37話――ふしぎ友誼①
「だーかーらー! ボクは別に困ってないんですってば!」
「ダメですわカーリー! そんなに足を出す格好ばかりして! まだそんな年齢じゃありませんわ! ほら、こっちの格好の方が可愛いですわよ!」
「いーやーでーすー! こっちのほうがイザベル様が見てくれるんですよ!」
「知りませんわ! あと貴女、また昨日の夜はお腹を出して寝ていたでしょう! ちゃんとタオルケットはかけなさいとアレほど……!」
「しーりーまーせーんー!」
さて、シアンが我が家に住み着くようになってはや三日くらい。今日も今日とて、屋敷から彼女らが仲良く走り回る音が聞こえてくる。
「しかしまぁ、シアンはお母さんみたいね」
我が家のお母さんといえばカーリーだったのだけど、あの日からとにかくシアンがカーリーのお世話を焼く。
特に服装に関しては本職のこともあり、一家言あるようで……彼女がローブ姿のみで過ごそうとすると、TPOに合った格好をさせようとする。

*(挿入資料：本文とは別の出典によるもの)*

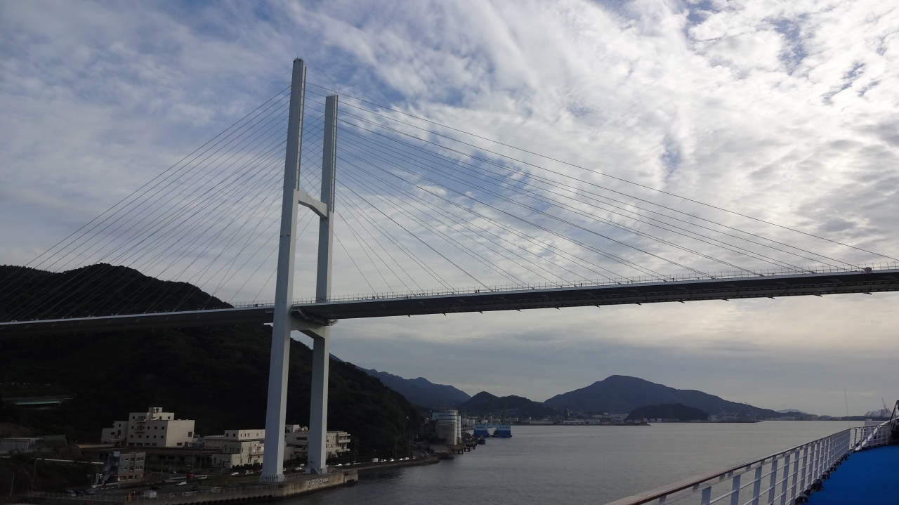 飛鳥?に乗船し、長崎港松が枝国際ターミナルから、釜山に向けて出航した際にくぐった橋です。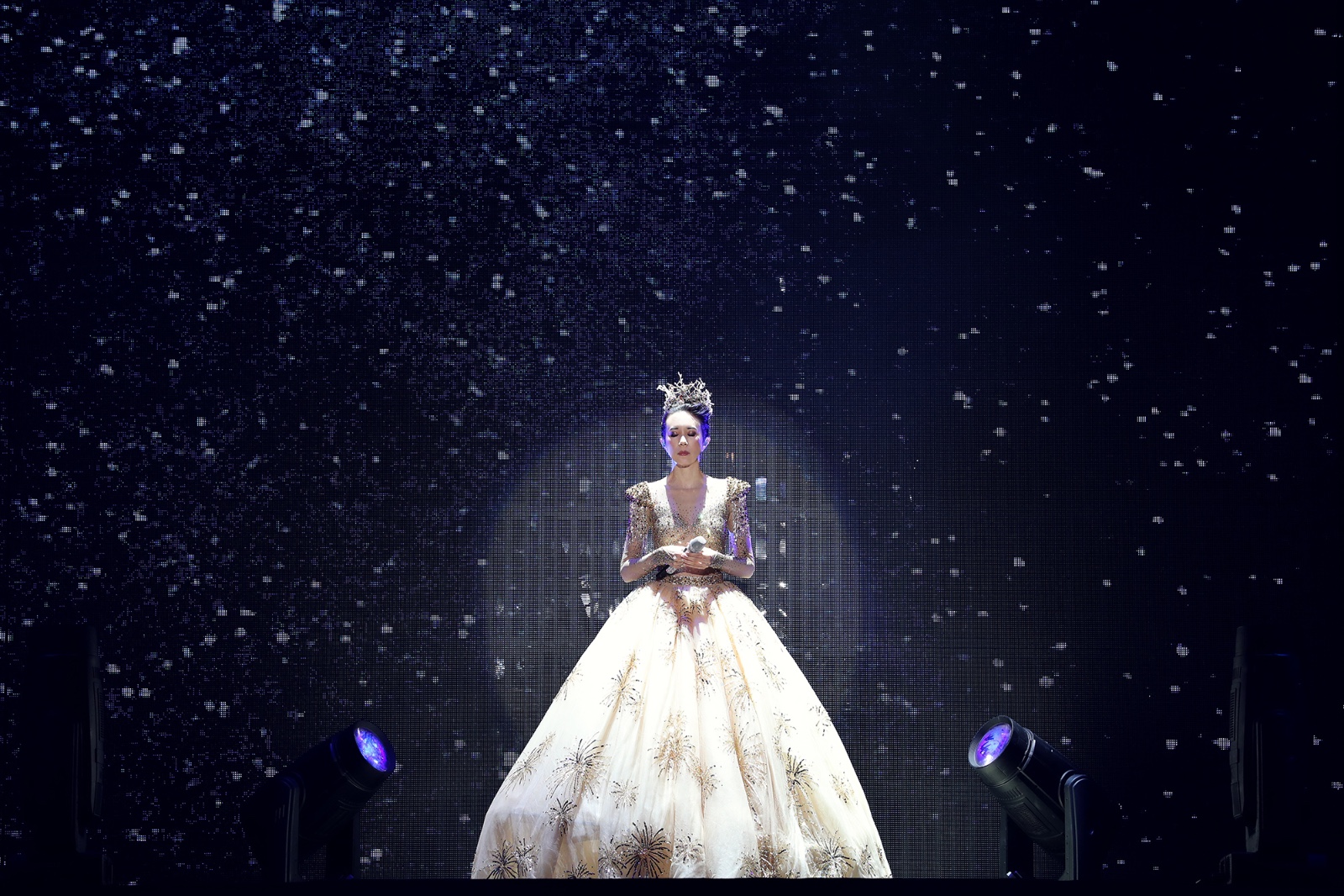 不仅如此,莫文蔚还为演唱会打造多套服装,变换十多种或性感妩媚或优雅高贵的造型,华美的服装和惹火的身材令现场观众大饱眼福。这些服装件件都不简单,皆出自法国、意大利和中国的时装设计师之手,而且每一件“战衣”都经历了夜以继日的讨论、改版,凝聚了很多的奇思妙想。演唱会中“星光熠熠莫文蔚”的时光烟花裙,全身由160800颗捷克水晶与施华洛世奇水晶相融,全手工定制打造,从绘画、花稿、选材、刺绣到钉珠历时四月,23道工序。而莫文蔚也亲自参与其中设计,严格把关,只为呈现完美效果。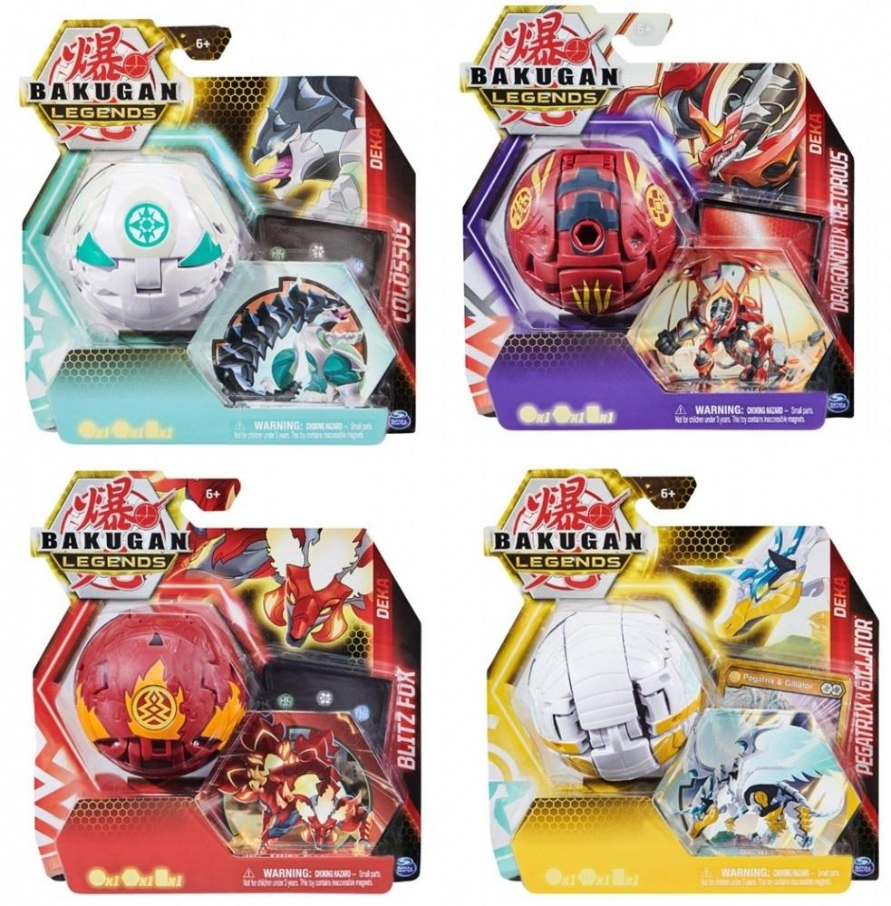 Twoja ulubiona zabawka Bakugan właśnie się powiększyła! Uwolnij moc Deka Bakuganów, dużych wersji Twoich ulubionych postaci z Bakugan, serialowego hitu (dostępnego na platformie NETFLIX)! Przemień swojego Bakugana, przetaczając go przez wyjątkowe duże GeoCore (w zestawie), a wyskoczy, zmieniając swój unikatowy kształt i przekształcając się w gotowego do bitwy Deka Bakugana! Każdy Deka Bakugan posiada niesamowite szczegóły, symbole domen i przechodzi inną przemianę, ożywiającą go. Te duże, potężne Bakugany są zawsze gotowe do działania! Dodaj do swojej kolekcji zabawki dla dziewczynek i chłopców Bakugan Legends z sezonu 5, w tym Geogan i Nova Bakugan, które świecą (każde sprzedawane osobno), i zbuduj swój własny zespół marzeń! Użyj puszki Baku-tin (sprzedawanej osobno) jako idealnego schowka na wszystkich nieustraszonych wojowników Bakugan Battle Brawlers i karty. Zbierz swoje ulubione postacie z kultowego serialu (na platformie Netflix) i weź udział w bitwie Bakuganów ze swoimi ulubionymi kolekcjami figurek i kart Bakugan! Czy masz odwagę stać się mistrzem Bakuganów?

「今までカーリーちゃんが僕らのお世話を焼いてくれていたからね。彼女にも色々あったし、あんな風に口うるさく言われるのは初めての経験なんじゃないかな」
微笑ましいものを見るような目になるユウちゃん。まぁ確かに、ネグレクトされてたっぽいし……あんなお母さん的なからまれ方したことないのかもね。

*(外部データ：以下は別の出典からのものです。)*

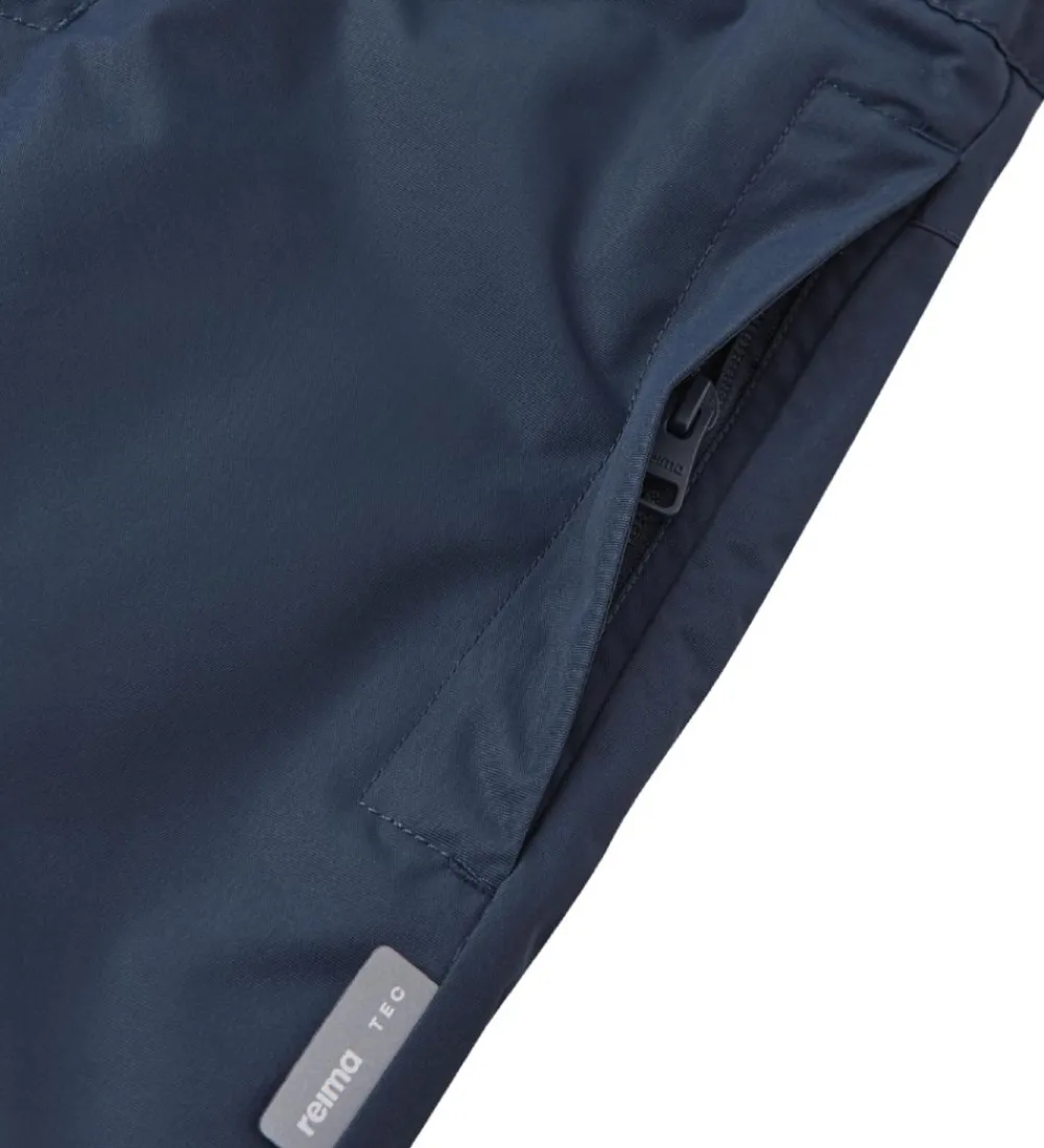 Reima skibukserne har forstærkninger på buksebenene, og der er praktiske snefang med en smal elastikkant med gummibelægning på indersiden. Det yderste lag af buksebenet kan fæstnes til snefanget med en trykknap, så det ikke glider op. Nederst langs siderne af buksebenene er der smalle refleksstriber.

「捕まえましたわぁあぁぁあ!! さぁ、昨日も言った通り髪の洗い方からですわ!」
「ぎゃあああ! 悪霊退散、悪霊退散!」
「誰が悪霊ですの!」
カーリーは捕まったらしい。昨日はフォークの持ち方でやいやい言われていたけれど、今日は髪の洗い方なのね。
……というか、カーリーから習ってたテーブルマナー、今になって不安になってきたわ。大丈夫かしら。

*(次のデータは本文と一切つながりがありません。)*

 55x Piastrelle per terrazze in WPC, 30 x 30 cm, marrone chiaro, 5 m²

「カーリーちゃんのテーブルマナーは間違ってなかったよ。ただ全部あれは貴族のマナーだからね。使用人や普通の女の子のマナーとは少し違う」
「あら、やっぱり差があるものなのね」
「些細なことではあるけどね。……でも女神、いいのかい?」
「何がよ」
ニコニコと、少しだけイタズラっぽい笑みを浮かべて……私の後ろから、おっぱいを押し付けるようにして抱きついてくる。
「いや、カーリーちゃんが困ってるんじゃないかと思って、さ。止めなくていいのかい?」
「別に良いわよ。ユウちゃんだって、わかってるんでしょ」
カーリーは指を鳴らすだけで、物と物の位置を入れ替える魔法を使える。それを使えばシアンを飛ばすことも、自分が逃げることも思いのままだ。
アレだけ騒いで逃げたり出来る彼女が、今更シアンに萎縮しているとも考えられない。